What is the Pulmonary Circuit
Our body has two types of circulation to sustain life – pulmonary circulation and the systemic circulation. We’ll talk a little about both, but primarily focus on the functions of the pulmonary circulation.
The primary function of the pulmonary circuit is to transport deoxygenated blood to the lungs to absorb oxygen and release carbon dioxide.
Our circulation is quite a sophisticated set of highways and intersections that run through some major organs. One of those organs is the heart. The heart is our “pump”, which keeps the flow of traffic, our blood, moving in the right direction. Our lungs act as the gas station where gas exchange occurs and deoxygenated blood receives the oxygen it needs to then be returned back to our pump, the heart, and then eventually sent out to the rest of the body (the systemic circulation).
Think of the heart as having two sides, a right and a left. In each side, the heart has two chambers. On the right side of the heart, we have the right atrium and the right ventricle, and on the left side of the heart, we have the left atrium and the left ventricle. The right side of your heart is your pulmonary circuit pump, and the left side of your heart is your systemic circulatory pump.
We have a lot of blood vessels, or highways, some big and some small, traveling in different directions to transport blood to and from the heart.

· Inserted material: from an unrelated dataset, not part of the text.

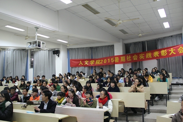 2015暑期社会实践表彰大会暨成果报告会在人文楼101教室举办,辅导员邢芳芳老师、2015暑期社会实践获奖同学及全体大一学生参加了本次报告会,会议由团学素拓部朱晓露同学主持。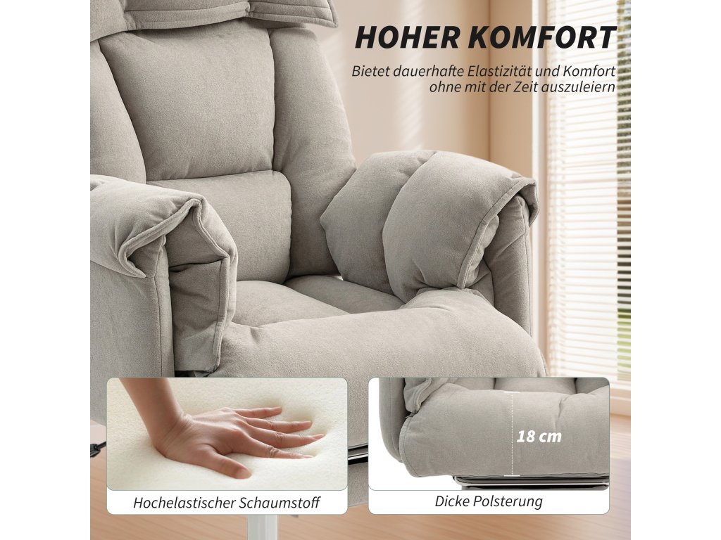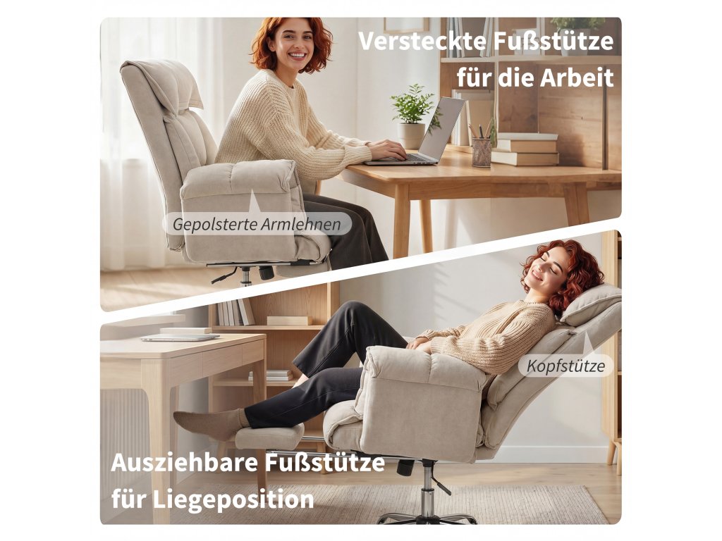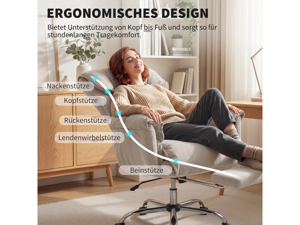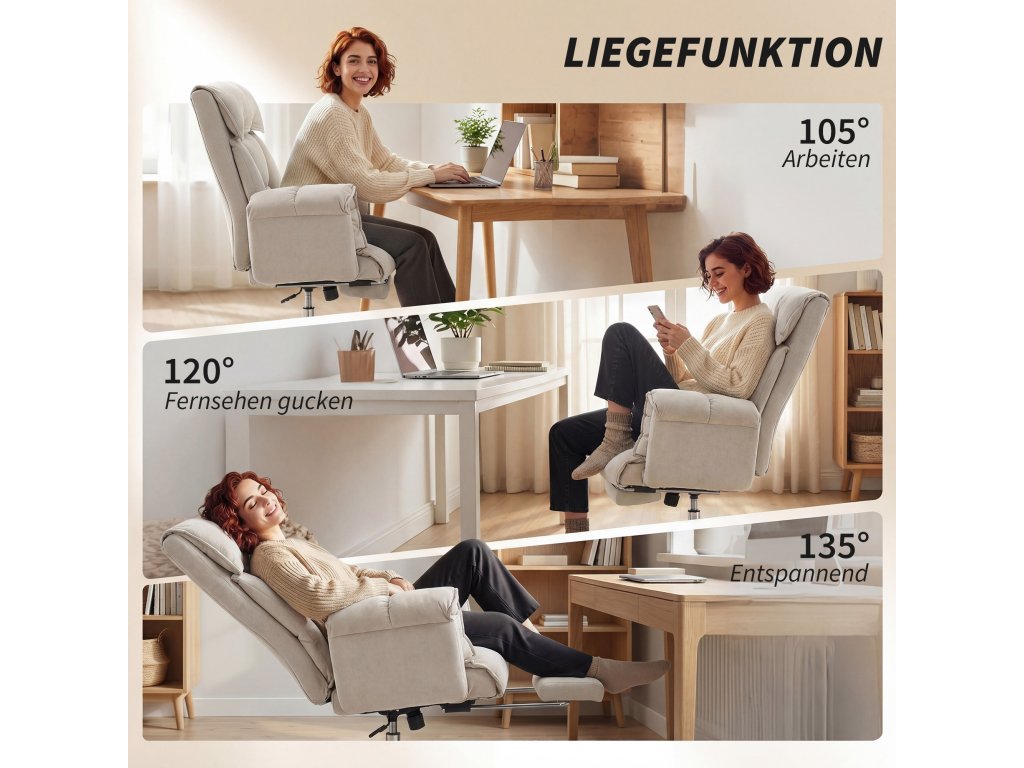 Nastavitelný sklon a opěrka nohou: Snadné přepínání mezi prací, čtením nebo relaxací. Tato kancelářská židle nabízí tři úhly sklonu (105°/120°/135°) a výsuvnou opěrku nohou pro individuální pohodlí.

Let’s focus on the smaller route first, the pulmonary circuit. There is a large blood vessel from the body called the superior vena cava. This large vessel is carrying blood to the pulmonary circuit to be oxygenated.
The blood enters the heart through the right atria, into the right ventricle where it then flows into the lungs for the gas exchange between the alveoli in the lungs and the pulmonary capillaries. That blood is now ready to return back to the heart through the left atria and left ventricle where it will be pumped out of the heart back into the systemic circulation via the aorta, another large blood vessel.
The heart actually functions in both the pulmonary and systemic circulation. These systems work in tandem with each other providing the body oxygen and nutrients we need for survival. If one system is affected by a tumor, blood clot, pneumonia, heart defect, or other condition, it will affect circulation in the other system as well.
So let’s review the differences between the Pulmonary Circuit and the Systemic Circuit.
- The circuit through which blood flows from the heart to the lungs and back is called the pulmonary circuit.
- The circuit through which blood flows from the heart to body tissues and back is called the systemic circuit.
- When compared with the systemic circuit, the pulmonary circuit is short – the lungs and group of pulmonary vessels also known as the “trunk” are about 6 inches apart.
- The arteries of the pulmonary circuit carry deoxygenated blood, whereas the arteries of the systemic circuit carry oxygenated blood.
- The right side of the heart is the pulmonary circuit pump, and the left side of the heart is the systemic circuit pump.
- The Pulmonary circuit receives blood from body tissues and circulates it through the lungs, whereas the systemic circuit receives blood from pulmonary veins and pumps to the aorta, which spreads the oxygenated blood throughout the body.
- The components of the pulmonary circuit are found mainly in the chest cavity, associated with lungs, whereas the components of the systemic circuit are found all over the body.